(Items listed in a dataset)
-=-=-
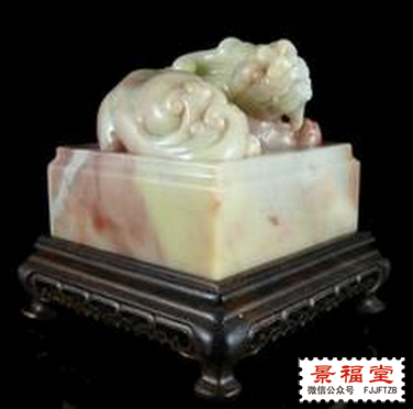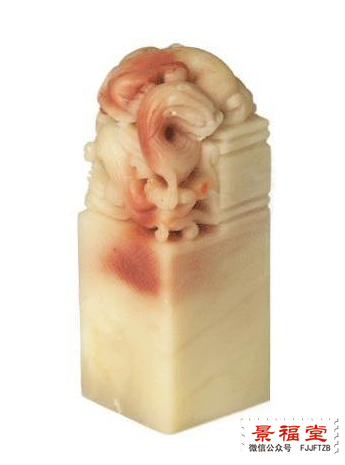 3. 博古图案类:平顶寿山石印章多刻博古图案钮,如夔龙、夔凤等,其雕刻技法为浮雕、阴刻、麻花(即“线刻”)三种。另外,还有钟鼎彝器、古钱、瓦当、斗台、寿字、亭如楼阁等钮饰。
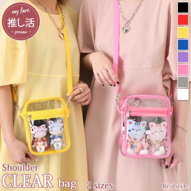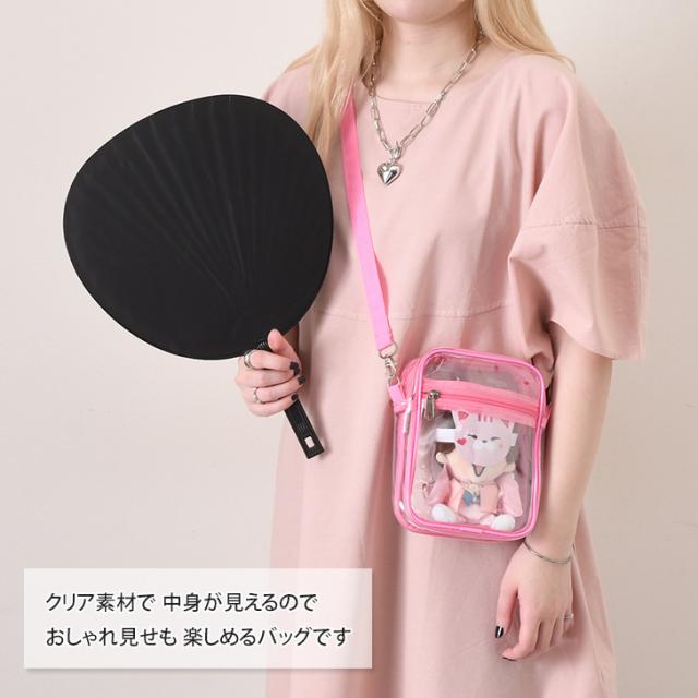 新作 ショルダーバッグ クリア 透明 スクエア ビニール 推し活 推しカラー コンサート ライブ ぬいバッグ ポケット付き 推し色 オタ活
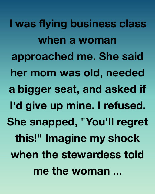 I was flying business class when a woman approached me. She said her mom was old, needed a bigger seat, and asked if I’d give up mine. I refused. She snapped, “You’ll regret this!” Imagine my shock when the stewardess told me the woman was the airline owner’s daughter.
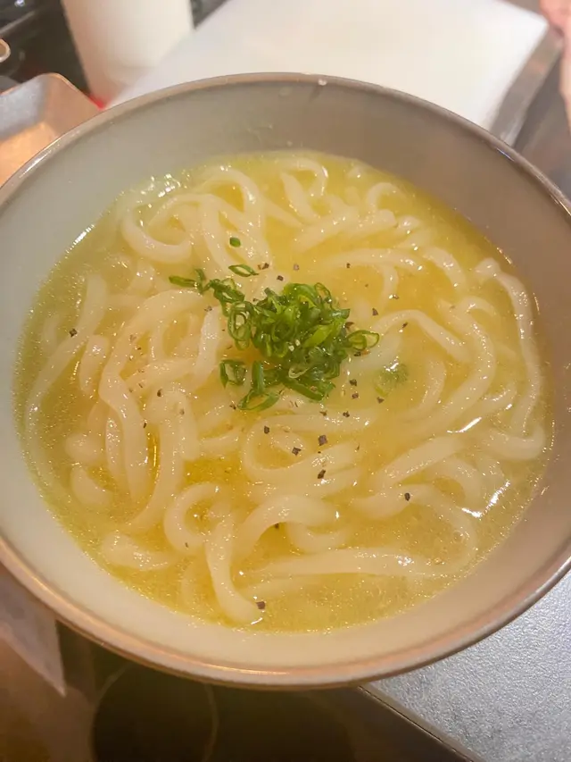 結尾雞湯烏冬一上檯就聞到濃郁雞油香,不過配烏冬就略嫌淡口了一點,反而直接喝湯就覺得調味剛好。
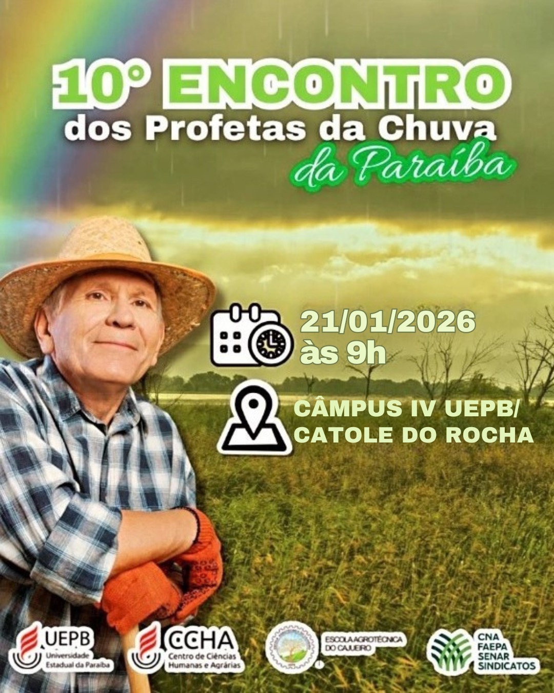 Por mais um ano, o Centro de Ciências Humanas e Agrárias (CCHA) da Universidade Estadual da Paraíba (UEPB) recebe o Encontro dos Profetas da Chuva da Paraíba. Esta 10ª edição acontece na quarta-feira (21), às 9h, no Auditório do Câmpus VI, localizado em Catolé do Rocha. Será mais uma oportunidade para a troca de experiências entre o homem e a mulher do campo em um evento que é referência nos estudos sobre o tempo e a valorização do conhecimento popular.
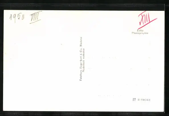 Personenbezogene Daten auf der Rückseite der Karte wurden durch blauen Textmarker unkenntlich gemacht. Die blauen Stellen sind auf die Vorderseite durchgeweicht und wirken sich negativ auf das Postkartenfoto aus
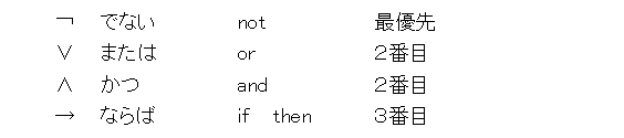 一応、日本語と英語の読み方と、作用する順序を書いておきました。順序を決めておくと、( )の省略ができて式が見やすくなります。なお、「でない」を「否定」と呼ぶことも多々あります(どっちを使うかは書いてるときの気分による)。
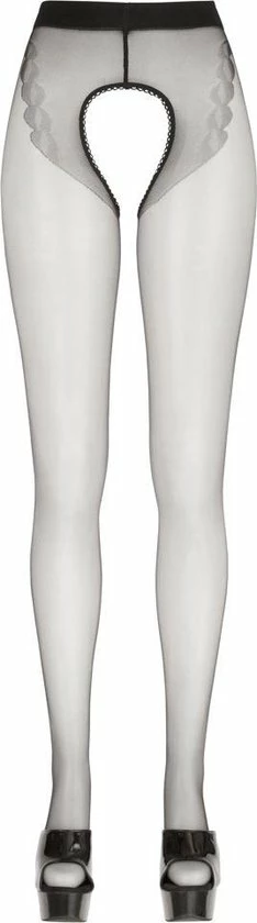 Zwarte panty met een patroon van een paar genaaid in het materiaal. De panty’s zijn volledig crotchless. Met een versterkte teen deel. 20 denier.
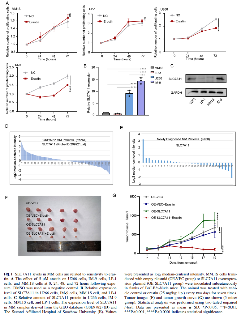 揭示MM对erastin敏感性的异质性基础:此前研究认为MM对erastin诱导的铁死亡不敏感,但本研究发现这种不敏感性具有细胞类型依赖性,高表达SLC7A11的MM细胞反而对erastin高度敏感。这一发现挑战了既有认知,为基于铁死亡的MM精准治疗提供了重要依据。
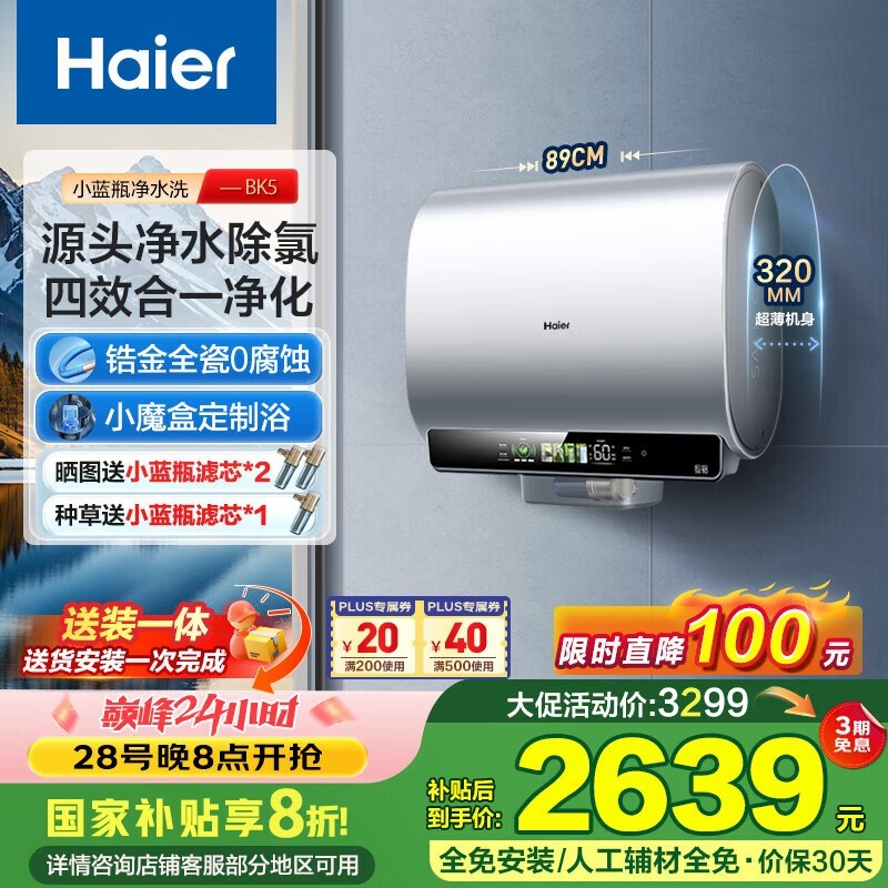 海尔Haier BK5 80L电热水器京东优惠价2548元
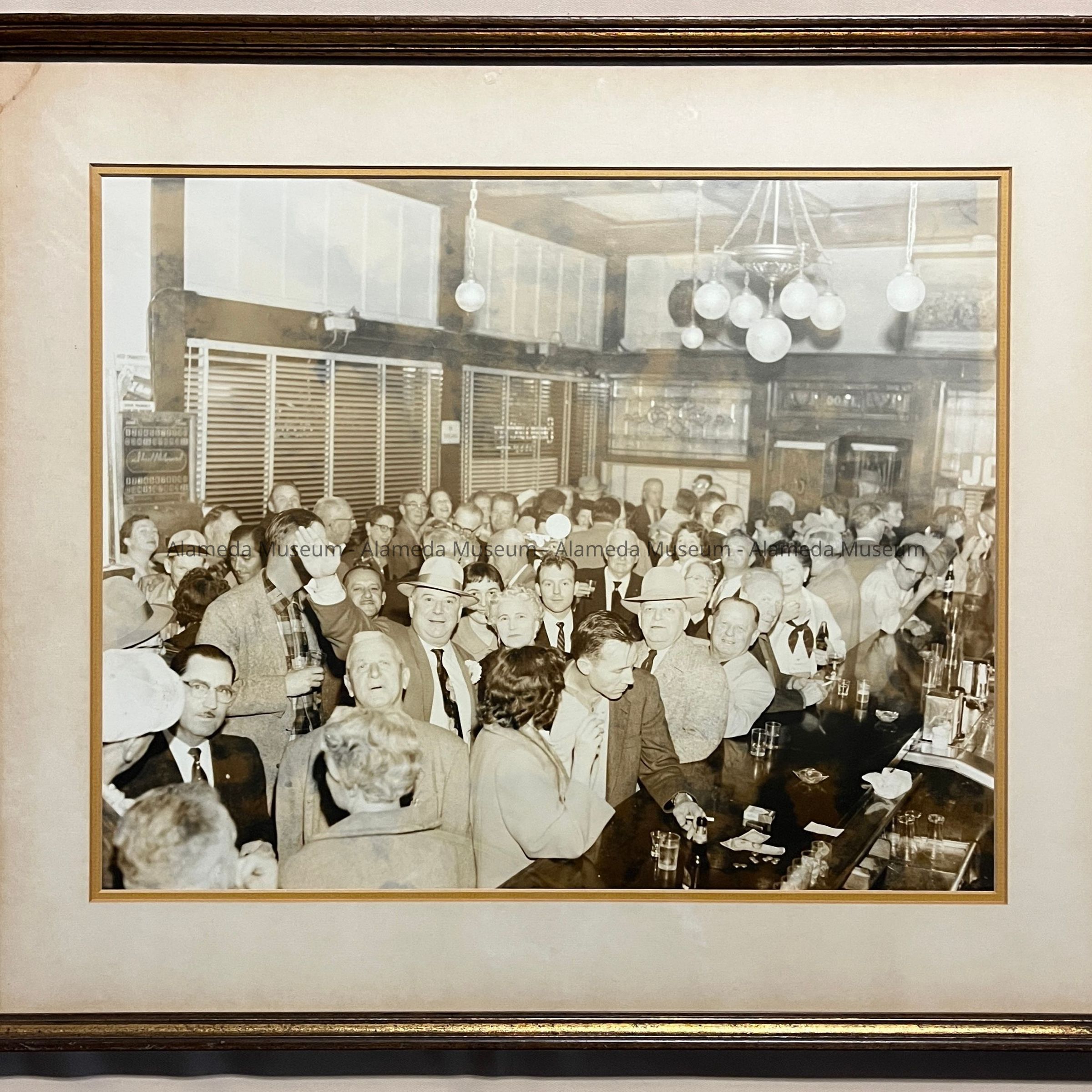 Interior photograph showing patrons of Crolls bar, Central and Webster Street, late 1940's or early 1950's. Due to the number of people in bar, both men and women, we can assume that the photograph was taken on a special occasion.
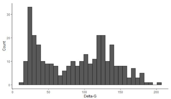 p < 0.001). The Hosmer and Lemeshow’s pseudo-R2 was high at 87%, indicating that the fit of the model improved greatly with inclusion of the delta-G variable. All model assumptions were met.
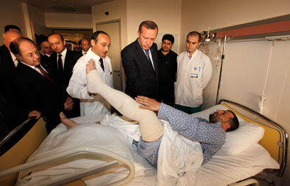 ארדואן עם אחד מפצועי ההשתלטות על ה"מרמרה" (צילום: רויטרס)
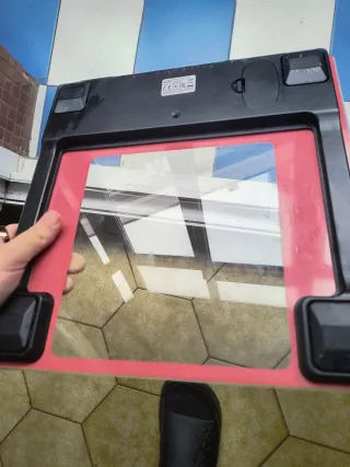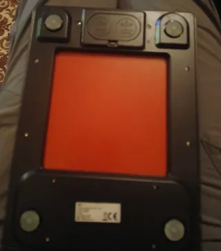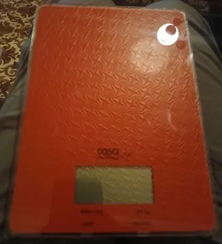 Báscula de baño digital con una superficie de color naranja. - Pantalla digital. - Indicador de peso máximo: 150kg. - Precisión: 100g. Le falta la tapa de la pila/ batería. Si eres mañoso se la puedes fabricar de plástico
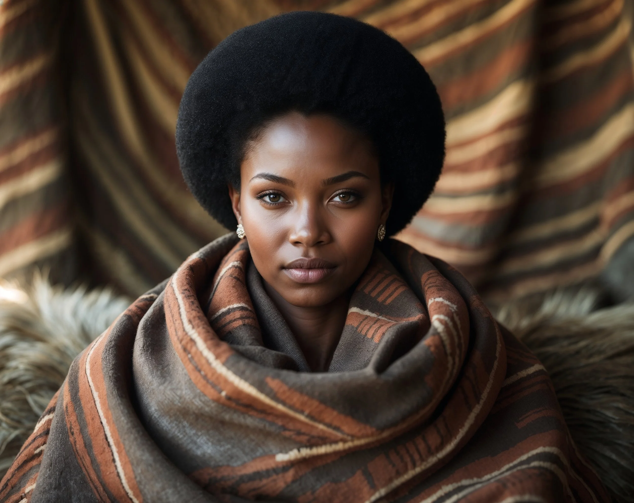 Cinematic portrait of a dignified Southern Sotho woman with a perfectly rounded natural afro. Wrapped in a Seanamarena Basotho blanket. Focus on her powerful face, even hair shape, and traditional blanket patterns. Muted earthy setting, soft sunlight, richly detailed and regal.
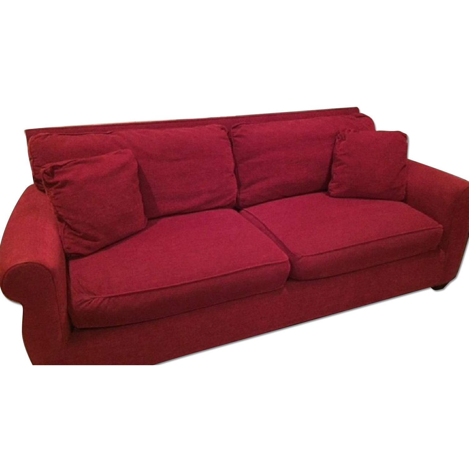 Seller's Notes:I was in love with the idea of a deep red colored couch as a focal point in my living space. I custom ordered this sofa with down-filled cushions from Danker Furniture (now Sheffield in Rockville MD) and paired it with a beautiful red/brown rug from pottery barn. It stayed in the living room that didn't get as much use as our family room so still in great condition. Unfortunately it doesn't work in our new house and I am forced to part with it.
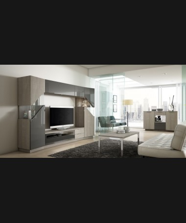 - Salón modelo PSA0012, de estilo moderno hecho a medida, en madera y lacado en gris, con aparador y mesa de centro a juego
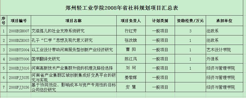 2008年河南省社科规划项目评选工作结束,我校有7项课题获准立项,其中5个项目获得经费资助,共资助经费7万元。本年度获立项项目数、经费数都取得了较大进展,具体情况如图所示。
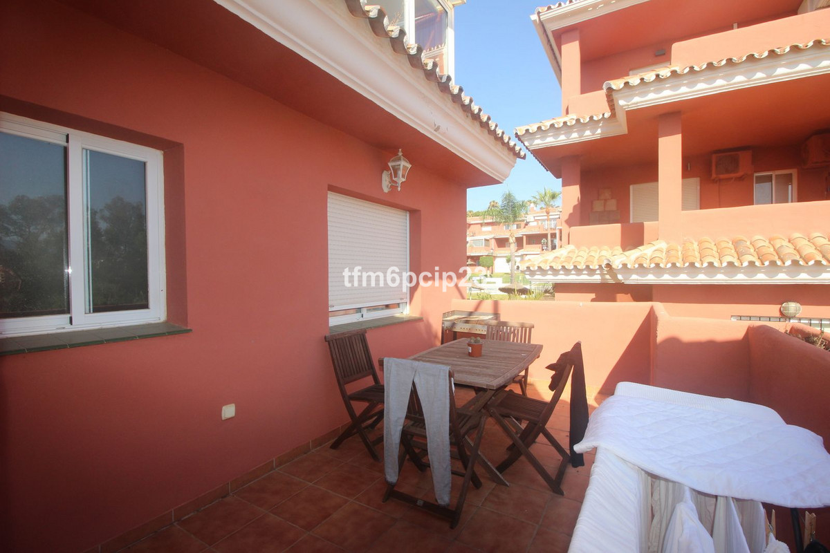 This delightful 81 m² middle-floor apartment is located just a few minutes from the beautiful Puerto de la Duquesa. It boast a spacious 22 m² private terrace with garden and views to Estepona. It Feature's 2 bedrooms and 2 bathrooms (including an ensuite), this fully furnished property is in good condition, showcasing marble flooring, fitted wardrobes, and double glazing. The fully fitted kitchen and communal amenities, including a pool, garden, and parking, enhance its appeal. Ideally located close to golf, the port, sea, al within a secure gated complex, this east-facing resale apartment is perfect for coastal living. Utilities include electricity and drinkable water. Ready to move in and enjoy!
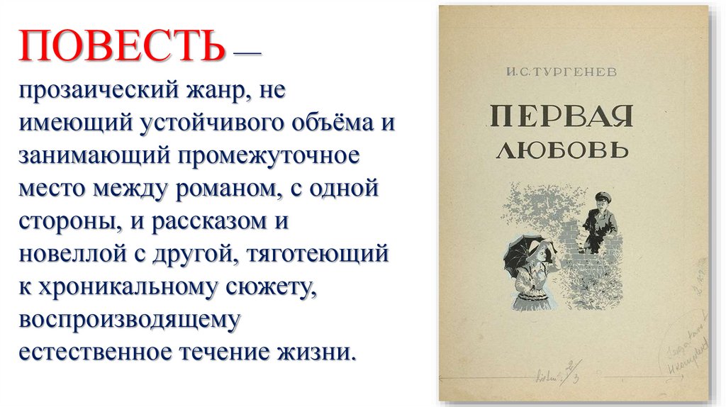 ПОВЕСТЬ —прозаический жанр, не
-=-=-
INSTRUCTIONS TO FOLLOW » Find the line with "Báscula de baño" in the data above, and from there retype each line exactly through the line with "2008年河南省社科规划项目", skipping the pictures along the way.

RESPONSE TO THIS TASK »
 Báscula de baño digital con una superficie de color naranja. - Pantalla digital. - Indicador de peso máximo: 150kg. - Precisión: 100g. Le falta la tapa de la pila/ batería. Si eres mañoso se la puedes fabricar de plástico
 Cinematic portrait of a dignified Southern Sotho woman with a perfectly rounded natural afro. Wrapped in a Seanamarena Basotho blanket. Focus on her powerful face, even hair shape, and traditional blanket patterns. Muted earthy setting, soft sunlight, richly detailed and regal.
 Seller's Notes:I was in love with the idea of a deep red colored couch as a focal point in my living space. I custom ordered this sofa with down-filled cushions from Danker Furniture (now Sheffield in Rockville MD) and paired it with a beautiful red/brown rug from pottery barn. It stayed in the living room that didn't get as much use as our family room so still in great condition. Unfortunately it doesn't work in our new house and I am forced to part with it.
 - Salón modelo PSA0012, de estilo moderno hecho a medida, en madera y lacado en gris, con aparador y mesa de centro a juego
 2008年河南省社科规划项目评选工作结束,我校有7项课题获准立项,其中5个项目获得经费资助,共资助经费7万元。本年度获立项项目数、经费数都取得了较大进展,具体情况如图所示。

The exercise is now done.